Two possible scenarios for EUR/USD movement

Currently, the EUR/USD exchange rate fluctuates around 1.1600. The dollar has recently rebounded against major currencies, but the sustainability of this rebound will depend on the specific figures of the non-farm employment data after its release.

Weak scenario: If non-farm employment is below 50,000 and the unemployment rate unexpectedly rises, it will further confirm the softening U.S. labor market, reinforcing market bets on a Fed rate cut in December. Under this scenario, the dollar will face selling pressure, and EUR/USD could rebound above 1.1700.

Strong scenario: Conversely, if the non-farm data shows robust employment growth and the unemployment rate remains steady or falls below 4.3%, it will dampen rate cut expectations and support the dollar’s rise. EUR/USD could continue its decline, testing below 1.1400.

Key technical support and resistance levels

FXStreet Asia chief analyst Dhwani Mehta’s technical outlook indicates that the EUR/USD pair broke below the 21-day simple moving average of 1.1574 at Wednesday’s close, and the 14-day relative strength index remains below the midline on the daily chart, adding credibility to a downward move.

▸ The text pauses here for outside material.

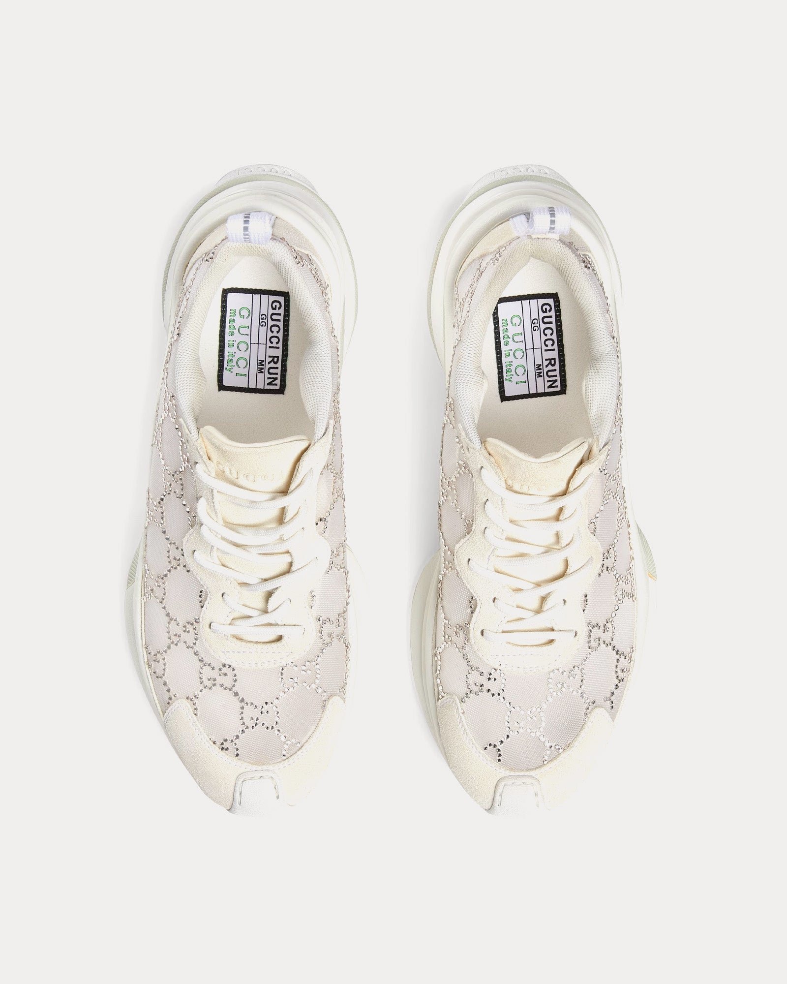 Baskets basses blanches Gucci Run GG Crystal Mesh

If the downtrend continues, key support levels are the November 5 low of 1.1469 and the 200-day simple moving average at 1.1395. The psychological support level is at 1.1350.

To confirm a rebound, the pair needs to break above the 21-day simple moving average of 1.1574. The next bullish target is around the confluence of the 50-day and 100-day simple moving averages near 1.1650, with further upside potential toward the round number of 1.1700.

Market consensus: Although the September non-farm payroll data release is imminent and the data is delayed, it is still regarded as the last comprehensive employment report the Fed will have before its December monetary policy meeting, making its importance undeniable.